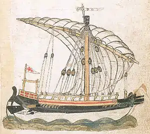 Парусное вооружение, как правило, состояло из двух мачт с латинскими парусами, но имелись галеры и с иным парусным вооружением и числом мачт[18]. Так например, бригантина несла на фок-мачте прямые паруса, а саета — имела три мачты, из которых фок-мачта опять же несла прямые паруса[19].
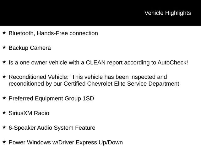 - Reconditioned Vehicle: This vehicle has been inspected and reconditioned by our Certified Chevrolet Elite Service Department
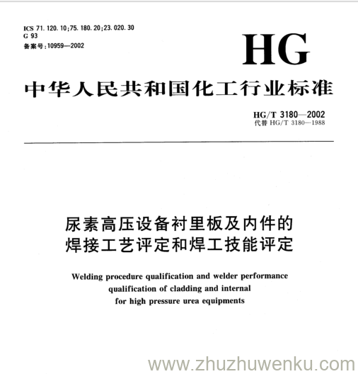 HG/T 3180-2002 pdf下载 尿素高压设备衬里板及内件的 焊接工艺评定和焊工技能评定。 Welding procedure qualification and welder performance qualification of cladding and internal for high pressure urea equipments .

TASK STATEMENT | Transcribe the whole of the data exactly, minus any pictures.

ANSWER TO THIS PROBLEM |
 Парусное вооружение, как правило, состояло из двух мачт с латинскими парусами, но имелись галеры и с иным парусным вооружением и числом мачт[18]. Так например, бригантина несла на фок-мачте прямые паруса, а саета — имела три мачты, из которых фок-мачта опять же несла прямые паруса[19].
 - Reconditioned Vehicle: This vehicle has been inspected and reconditioned by our Certified Chevrolet Elite Service Department
 HG/T 3180-2002 pdf下载 尿素高压设备衬里板及内件的 焊接工艺评定和焊工技能评定。 Welding procedure qualification and welder performance qualification of cladding and internal for high pressure urea equipments .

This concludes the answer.